"the hour is nigh; the waning Queen walks forth to rule the later night; crown'd with the sparkle of a Star, and throned on orb of ashen light: The Wolf-tail sweeps the paling East to leave a deeper gloom behind, and Dawn uprears her shining head, sighing with semblance of a wind: the highlands catch yon Orient gleam, while purpling still the lowlands lie; and pearly mists, the morning-pride, soar incense-like to greet the firmament.."
Sir Richard Francis Burton, posing as his friend Haji Abdu, expressed his Sufi-inspired views of Life in this philosophical poem which I first read, in my early 20's, having been motivated by the Rubaiyat of Omar Khayam, a passage of which was required reading in a high school class......it expressed a fatalism with which I am now comfortable, but at that time, in 1962, when I was 17 and living in Huntsville, Alabama, was new territory......that, after i went there, was more familiar than the places that i had visited before......

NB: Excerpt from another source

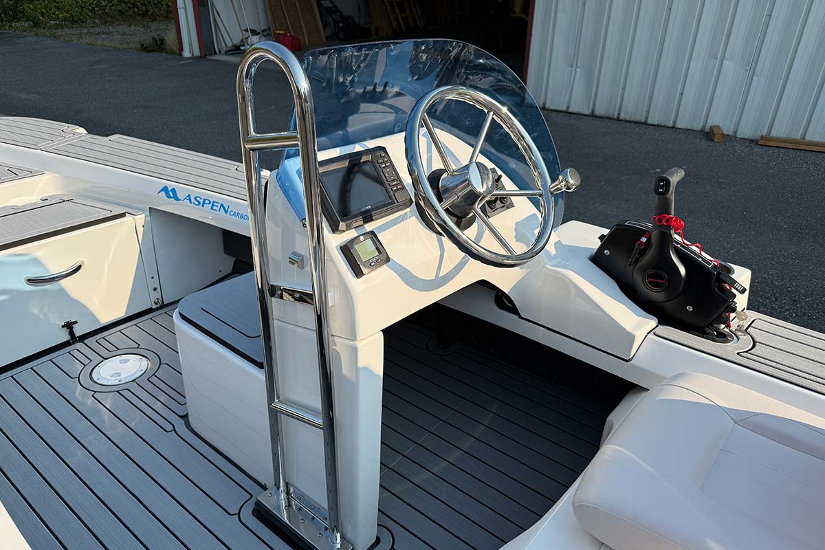 The T13C is the flagship of the durable and dry riding Carbon Cat line. The Console has comfortable twin seats, wheel steering, easy access to throttles and a windshield. There is storage forward of the console and in the forepeak. The T13C is fast versatile and fun to drive. The seated console driving position improves visibility and maintains balance while cruising, docking and boarding.

pragmatic sensualist, motivated by really deep instincts, actualized by willful imaginings and perpetuated by other's desires. Abstract, yet clear in purpose, honest, but abstruse, my moods change like winds and water with my confidences, and when ungrounded, i am both guarded and vulnerable, leaning, in darkness, to the Light, nurtured by instinctual feelings arising from a deep gene pool.